Non-material changes, such as corrections of typographical errors or clarifications that do not affect your rights or obligations, may be made without prior notice.

Your continued use of the Services after the effective date of the updated Privacy Policy constitutes your acceptance of the changes. If you do not agree with the updated Privacy Policy, you should stop using the Services and close your account before the changes take effect.

We encourage you to review this Privacy Policy periodically to stay informed about how we collect, use, and protect your data. The "Last updated" date at the top of this page indicates when this Privacy Policy was last revised.

19. Governing Law

This Privacy Policy shall be governed by and construed in accordance with the laws of the Republic of Poland, without regard to its conflict of laws provisions, and in compliance with the General Data Protection Regulation (GDPR) and other applicable data protection legislation.

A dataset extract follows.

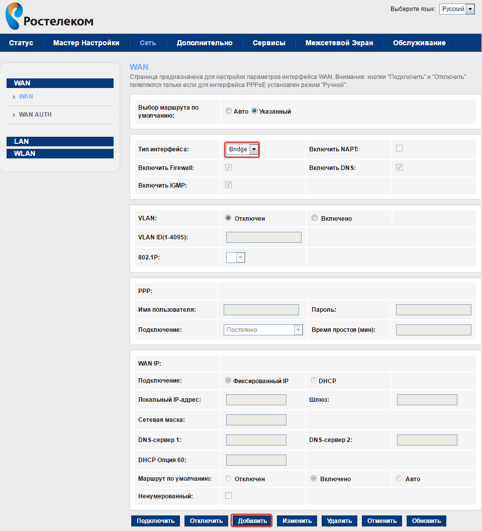 Далее, добавляем подключение как Мост для работы услуг IPTV
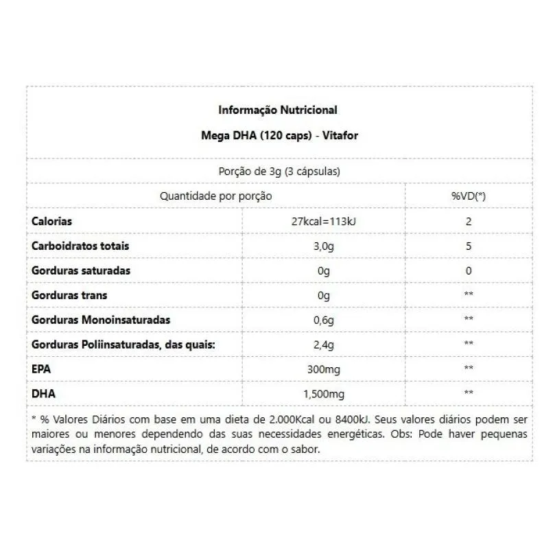 MEGA DHA (120 caps) – VITAFOR Mega DHA da Vitafor é um complemento alimentar em cápsulas a base de Ômega alta concentração 10% EPA e 50% DHA, extraído através de processo de alta tecnologia onde se isenta de impurezas e metais pesados. Sua importância é notável, uma vez que 60% do nosso cérebro é formado por gorduras, e até 20% delas corresponde ao DHA. Normalmente, os níveis de DHA diminuem com o avançar da idade, em particular na região do hipocampo (memória e navegação espacial).

Any disputes arising out of or in connection with this Privacy Policy shall be submitted to the exclusive jurisdiction of the courts competent for the city of Kraków, Poland, without prejudice to your right to lodge a complaint with a supervisory data protection authority or to bring proceedings before the courts of the EU member state in which you are domiciled.

20. Contact Information

If you have any questions, concerns, or requests regarding this Privacy Policy, our data processing practices, or if you wish to exercise any of your data protection rights, please contact us:

Tomedio Tomasz Bajorek

Kraków, Poland

Email: contact@doxtly.com

Website: doxtly.com

We will make every effort to respond to your inquiry in a timely manner and within the timeframes required by applicable law. For data protection inquiries, we will respond within one calendar month of receipt, as required by the GDPR.

If you are not satisfied with our response to your complaint or inquiry, you have the right to lodge a complaint with the relevant supervisory data protection authority, as described in Section 11 of this Privacy Policy.